SplittableInputStream is1 = new SplittableInputStream(is);
SplittableInputStream is2 = is1.split();
BufferedReader br1 = new BufferedReader(new InputStreamReader(is1));
BufferedReader br2 = new BufferedReader(new InputStreamReader(is2));
// Do some interleaved reads from them.
System.out.println("One line from br1:");
System.out.println(br1.readLine());
System.out.println();
System.out.println("Two lines from br2:");
System.out.println(br2.readLine());
System.out.println(br2.readLine());
System.out.println();
System.out.println("One line from br1:");
System.out.println(br1.readLine());
System.out.println();
Output:
One line from br1:
Lorem ipsum
Two lines from br2:
Lorem ipsum
dolor sit
One line from br1:
dolor sit

Use TeeInputStream to copy all the bytes read from InputStream to secondary OutputStream, e.g. ByteArrayOutputStream.

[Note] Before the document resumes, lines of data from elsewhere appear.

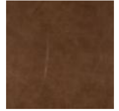
Leather Vintage Tabacco 1100431
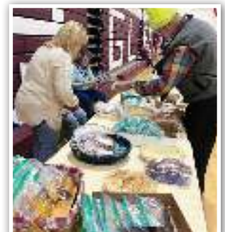
Windham voters were happy to see the return of our Bake Sale

Society members were so happy to get back to normal by once again having our Election Day Bake Sale at the November election. It was wonderful to see so many of the familiar faces from all around Windham! There was a delectable assortment of baked goods available, all homemade by the Society’s very talented bakers. I think Windham’s voters were happy to see our bake table back at the polls to be able to select from the variety of delicious treats we had to offer! It was a great day with a great reward. The $523 we made in profits truly did take the cake!
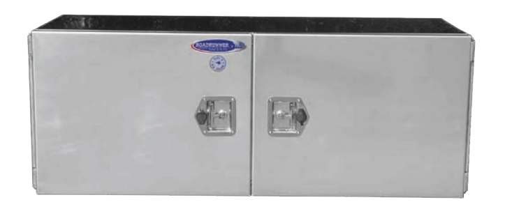
Double Door Toolbox.
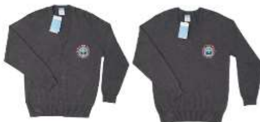
Dark grey cardigan or jumper

Input stream work like this: once you read a portion from it, it's gone forever. You can't go back and re-read it. what you could do is something like this:
class InputStreamSplitter {
InputStreamSplitter(InputStream toReadFrom) {
this.reader = new InputStreamReader(toReadFrom);
}
void addListener(Listener l) {
this.listeners.add(l);
}
void work() {
String line = this.reader.readLine();
while(line != null) {
for(Listener l : this.listeners) {
l.processLine(line);
}
}
}
}
interface Listener {
processLine(String line);
}
have all interested parties implement Listener and add them to InputStreamSplitter

Instead of using StringWriter/StringBufferInputStream, write your original InputStream to a ByteArrayOutputStream. Once you've finished reading from the original InputStream, pass the byte array returned from ByteArrayOutputStream.toByteArray to a ByteArrayInputStream. Use this InputStream as the InputStream of choice for passing around other things that need to read from it.
Essentially, all you'd be doing here is storing the contents of the original InputStream into a byte[] cache in memory as you tried to do originally with StringWriter/StringBufferInputStream.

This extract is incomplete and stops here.